THE QUINTESSENTIAL MUSE
Poetry is the muse that has captured the mind, heart and imagination of humanity from the beginning of time. She travels from the realm of formlessness, upon vehicles of thoughts, feelings and emotion, making her way from our hearts and heads through our hands and onto paper. Though screens are not her favorite, she manages always to be in step with the times.
Poetic justice is an expression indicating that virtue is rewarded in a manner that is either peculiar or ironic. Poetic license indicates the freedom to depart from rules and convention. Poetry is a free-roaming virtuous rebel inherently liberated from restriction. She grants voice to the voiceless and words to the ineffable. She lives everywhere humans do and everywhere they don’t.
She is expressed in nature, in song and in dance. She is in service to the broad spectrum of human emotion from anguish to ecstacy. She is present at both birth and at death. Her presence can be felt equally at sunrise and sunset. She is there when things are going well and there when we are hanging by a thread.
She cares not whether our words are ugly and bitter or bright and buoyant - she is a faithful and unbiased servant whose aim is to help us express. We see her in the point of a ballerina’s toe, in the arch of a loved one’s back while we make love. We see her in the shape of someone’s lips , or the curvature of a cheekbone. We taste her in the salt of our tears.
We hear her by the babbling brook and at the river’s edge. She is the smell of earth after a recent rain, the feeling of release after a long refrain. She is the song of the birds and the howl of the wind.

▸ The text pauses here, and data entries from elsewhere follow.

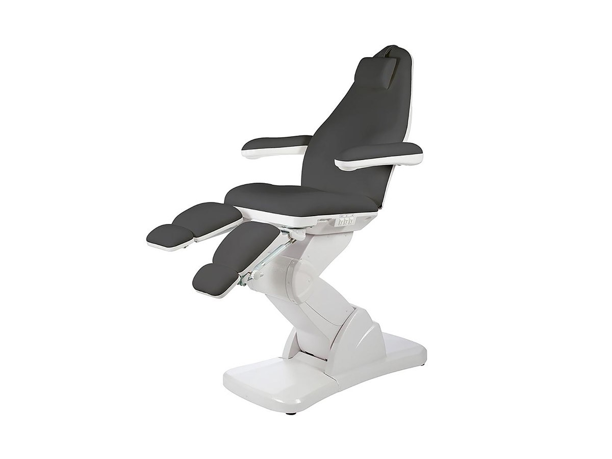 Fauteuil de pédicure électrique CUBO 5, conçu avec un revêtement en PU de haute qualité pour une résistance durable. Pour un confort optimal, il est équipé de repose-bras rabattables et d'un coussin repose-tête amovible. Les jambières sont ajustables individuellement via un vérin à gaz et peuvent s’ouvrir à 90° pour une flexibilité maximale.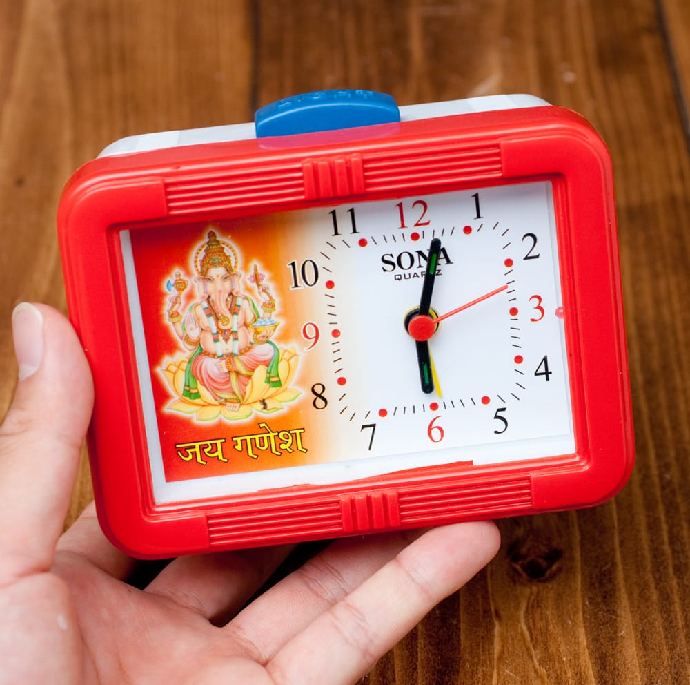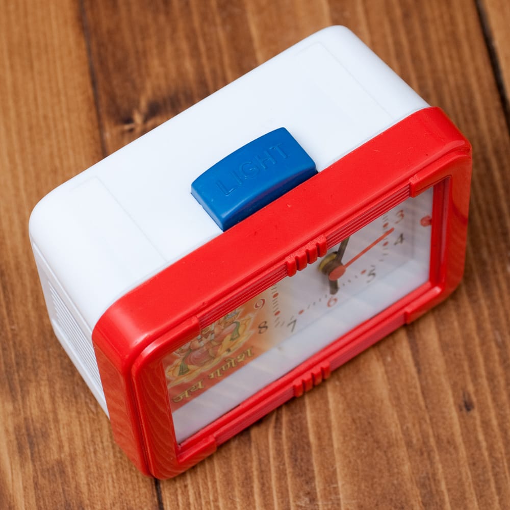 目覚ましの音がマントラって..とてもユニークで凄くインドっぽい感じ。目覚ましとして使うと正確に鳴らないと書いてあったので、可愛い時計として使用しながら..時々ですが、目覚ましの針をマントラが鳴る時間に合わせて、この賑やかなマントラ(何曲も入ってるので)を聞いてると何故か笑えてしまう..という特典付きの時計として楽しんでいます。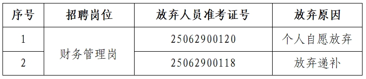 另根据《合肥市人才发展集团有限公司所属子公司2025年上半年社会招聘公告》的相关规定,因财务管理岗体检考察人员放弃,经研究决定取消该岗位的招聘。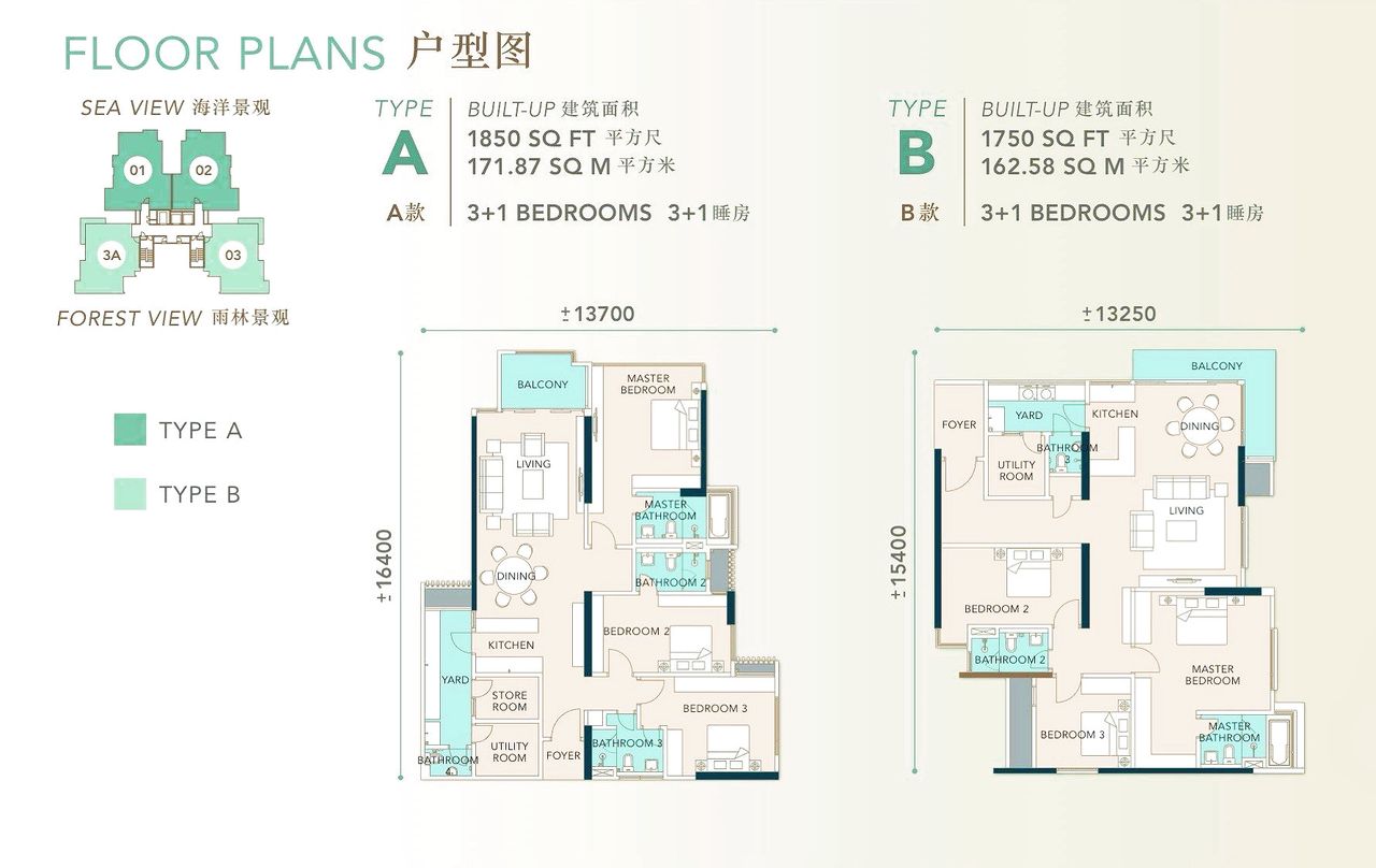 每个户型都以舒适、空间与功能性为核心设计,宽敞实用,非常适合三代同堂,也提供极大的空间灵活度供您打造独特居家风格。
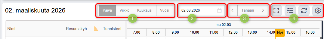 Vasemmalla olevan resurssinäkymän avulla voit helposti muokata, mitkä resurssit näkyvät aikajanalla. - Ajanvarausten tyylin muokkaaminen
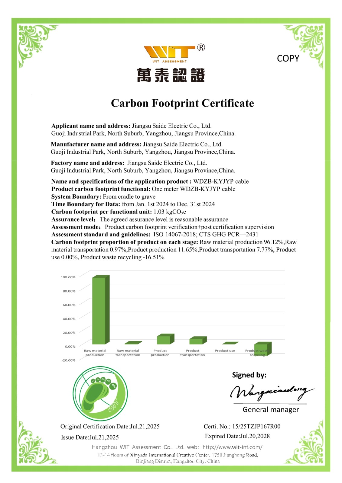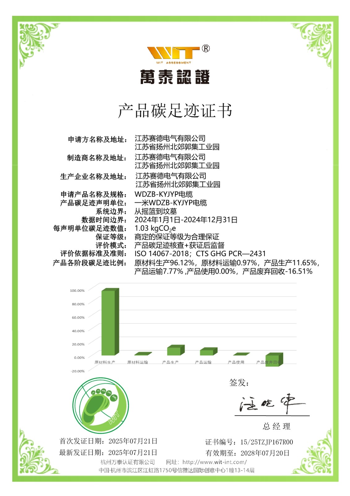 公司获得产品碳足迹证书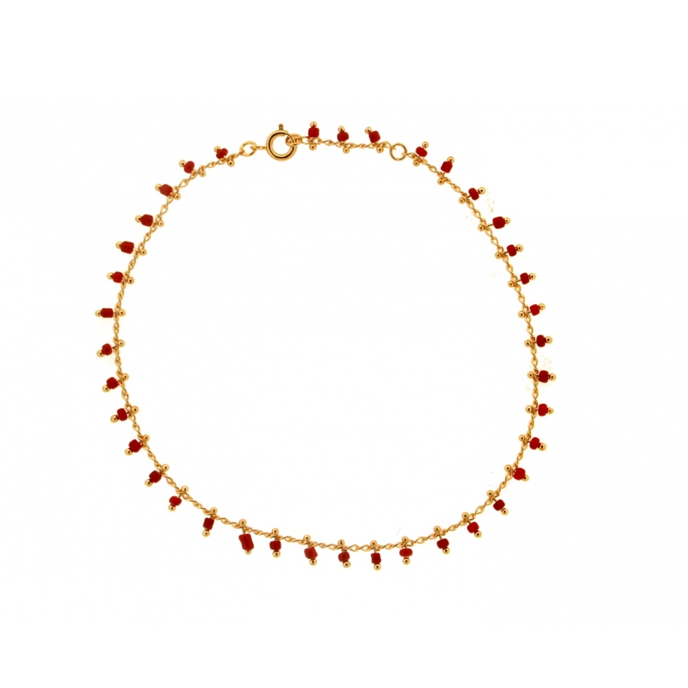 Chaîne de cheville en plaqué or et perles de couleur corail.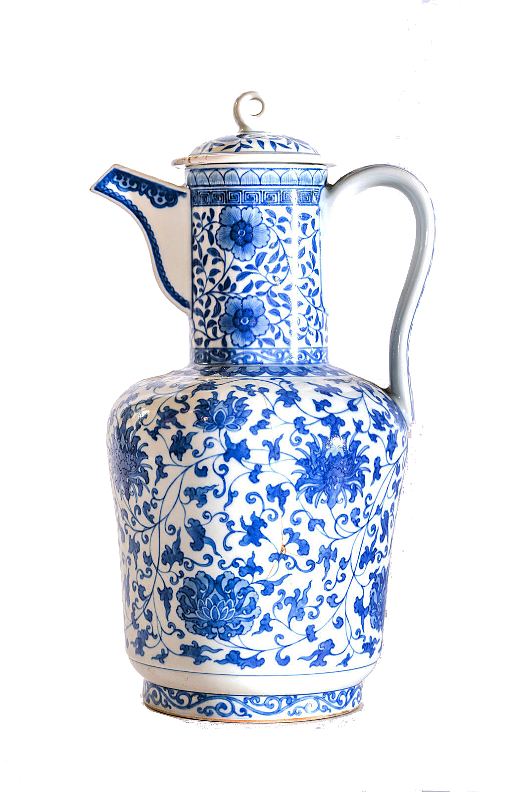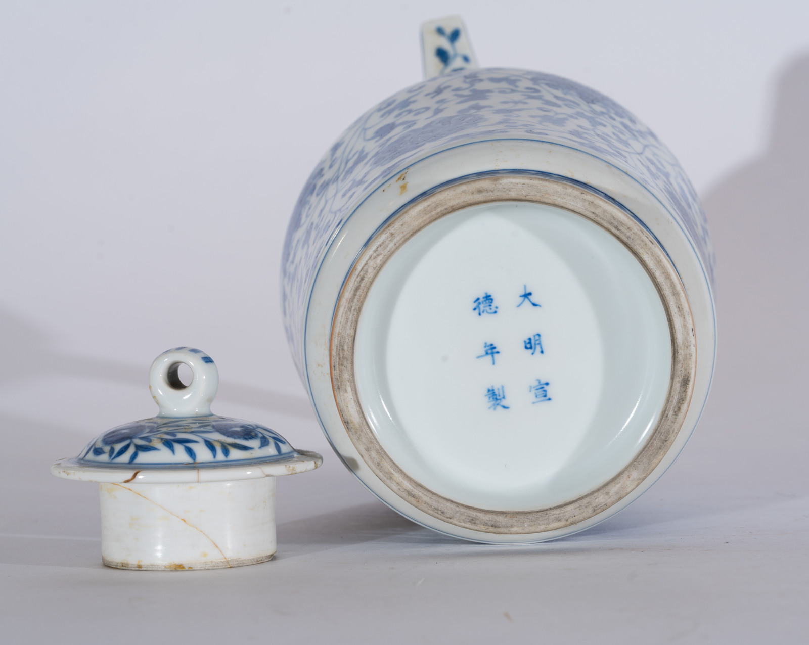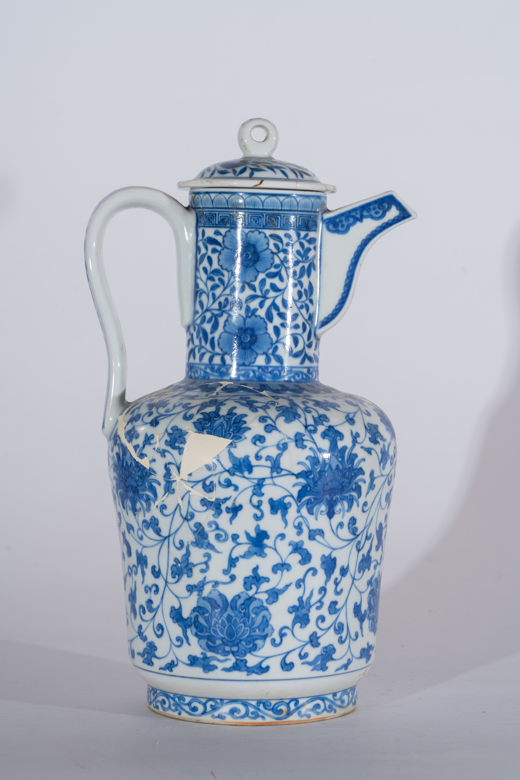 Chinese Art A blue and white porcelain ewer and cover painted with interlaced lotus flowers and bearing an apocryphal Xuande mark at the base China, Qing dynasty, 18th century . . Cm 18,50 x 29,00.

She is the steady flame of a candle and a fire in a fireplace on a cold winter’s night.
She is the scent of your favorite flower, the taste of your favorite food. She is the one who kisses your hands when you finally lay your burdens down. She is a shaman, an alchemist, a magician and a shapeshifter. She is at once the vehicle of expression and the very thing being expressed.
She is everything. She is the experience and the one experiencing. She is the writer and the written. She is the ineffable and the apparent. She is silence and sound, formless and form, unbound by confines of time. She is modern, she is youthful , she is nowhere. She is ancient , she is old, she is omnipresent. She’s a haiku, a koan, a sonnet and a rhyme, you can find her everywhere if you simply take the time.